Press Releases

Hearing to Examine Dodd-Frank Act’s Effects on Job Creators, Consumers and Investors


Washington, July 6, 2012 -

A Financial Services Subcommittee hearing on Tuesday, July 10 will focus on how the Dodd-Frank Act’s rules and red tape make it harder for American companies to raise capital, hedge risks and obtain credit – activities that are necessary for businesses to grow and hire workers.

The hearing before the Capital Markets and Government Sponsored Enterprises Subcommittee will focus particularly on the impact the Act’s derivatives provisions and Volcker Rule will have on job creators, consumers and investors.

Financial Services Committee Chairman Spencer Bachus noted that while the Dodd-Frank Act was portrayed by its supporters as “Wall Street reform,” the law is having an impact on businesses and individuals far from Wall Street.

“If businesses find it harder to borrow, it will be harder for them to make capital investments and create jobs; if consumers have less access to credit, it will be harder for them to care for their families; and if the value of the assets held by savers and investors declines, people will find it harder to save for a new home, for college or retirement,” Chairman Bachus said.

Capital Markets and Government Sponsored Enterprises Subcommittee Chairman Scott Garrett said, “In order to get people back to work and the economy humming again, our financial institutions must be able to raise capital and consumers and small businesses must have access to credit. This hearing will examine the stranglehold Dodd-Frank and its regulations are having on America's job creators and consumers.”

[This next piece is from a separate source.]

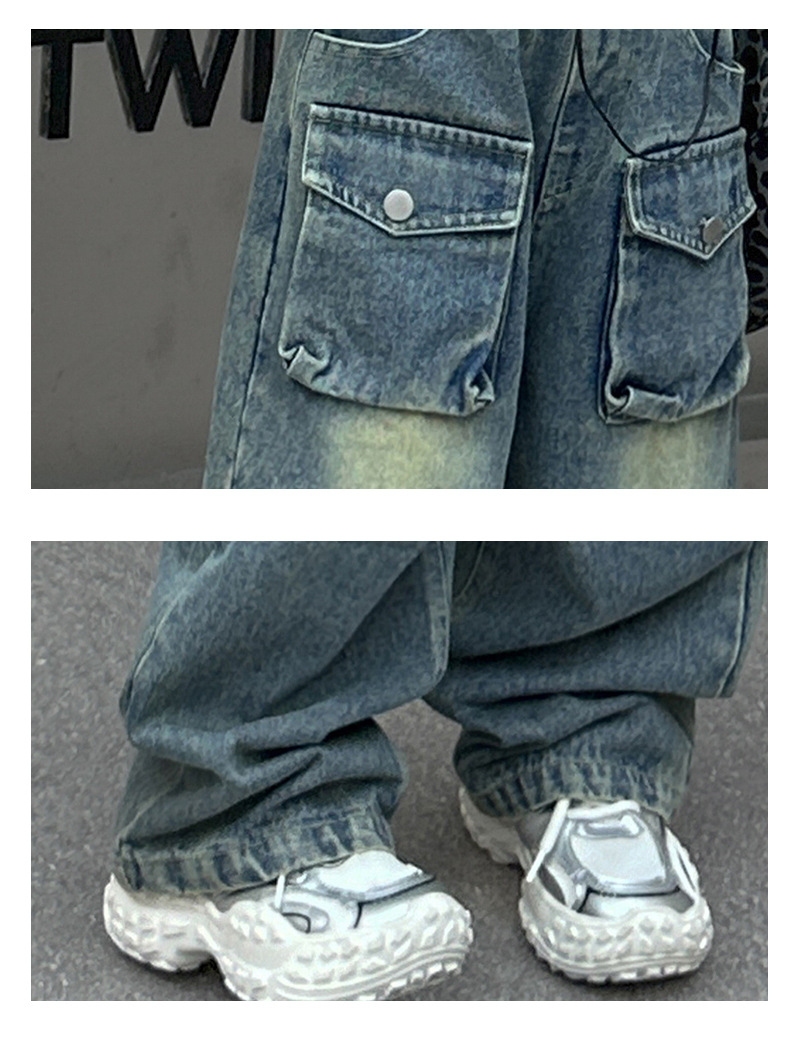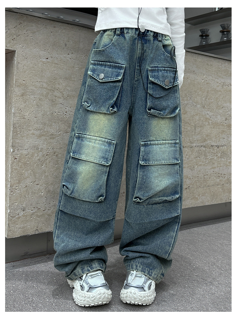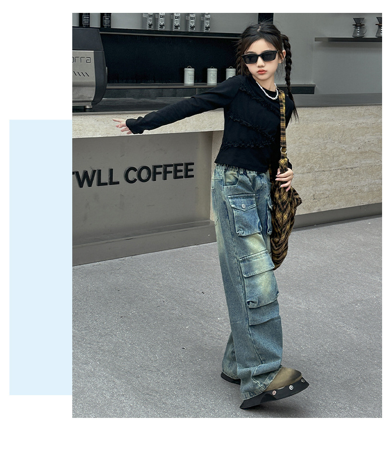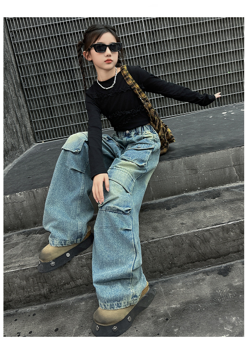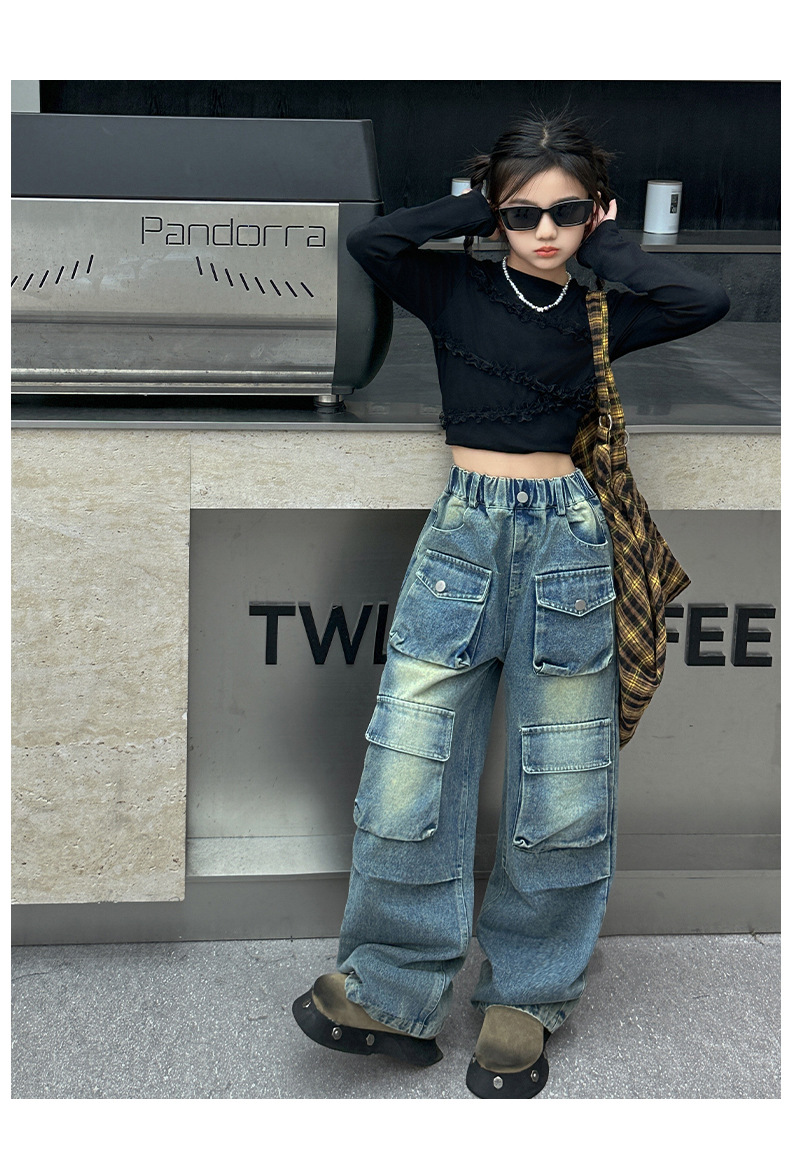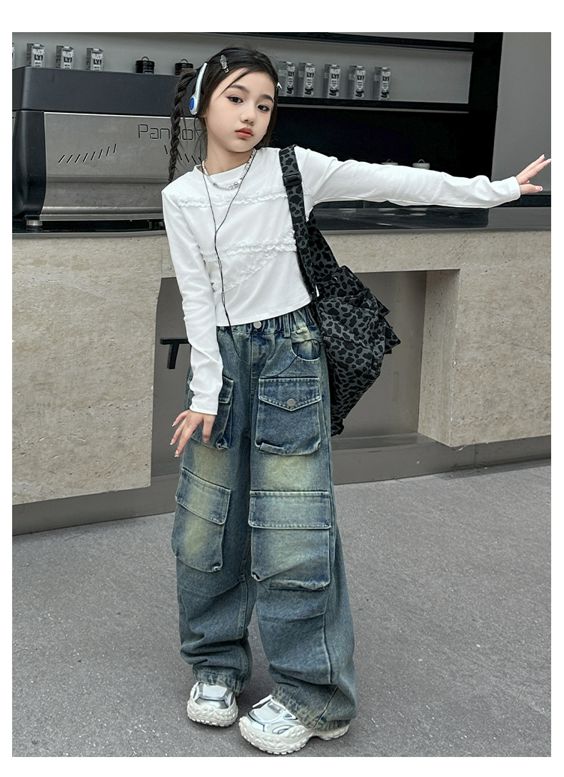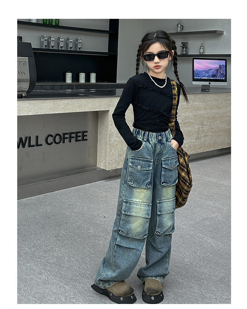 소녀 작업복 청바지 세트 봄과 가을 바지 2025 새로운 투피스 소녀의 서양식 바지스토어 가기

At Tuesday’s hearing, the Subcommittee will examine how the derivatives provisions of Dodd-Frank will affect thousands of non-financial businesses across the nation.  Derivatives are used by the country’s leading non-financial companies, by farmers and ranchers, as well as by state and local governments, to manage risks.  For example, farmers use derivatives to lock in the prices of their crops for the coming season.  Companies large and small use derivatives to manage their exposure to risks such as fluctuations in interest rates and exchange rates.

Similarly, the Dodd-Frank Act’s Volcker Rule will have consequences far beyond Wall Street.  Implementing the Volcker Rule has proven to be a difficult and complicated undertaking.  The draft rule released by financial regulators last October spans 298 pages and includes more than 1,300 questions seeking comment from market participants on nearly 400 topics.  If the final rule does not clearly distinguish prohibited proprietary trading from permissible “market making” activities, many warn it will result in higher rates on mortgages and credit cards for consumers, reduced credit availability for businesses, and fewer jobs for everyone.

July marks the two-year anniversary of the Dodd-Frank Act being signed into law.  Throughout the month, the Financial Services Committee will hold hearings to examine the law’s aftermath and the effect its more than 400 new rules will have on the economy, jobs and consumers.  Since January 2011, the Committee has held 62 hearings to identify provisions of Dodd-Frank that kill jobs and make it more expensive and more difficult for consumers and American companies to obtain credit.  The Committee has heard from more than 340 witnesses at these hearings.

Tuesday’s Subcommittee hearing, “The Impact of Dodd-Frank on Consumers, Credit and Job Creators,” will begin at 10 a.m. in room 2128 Rayburn House Office Building.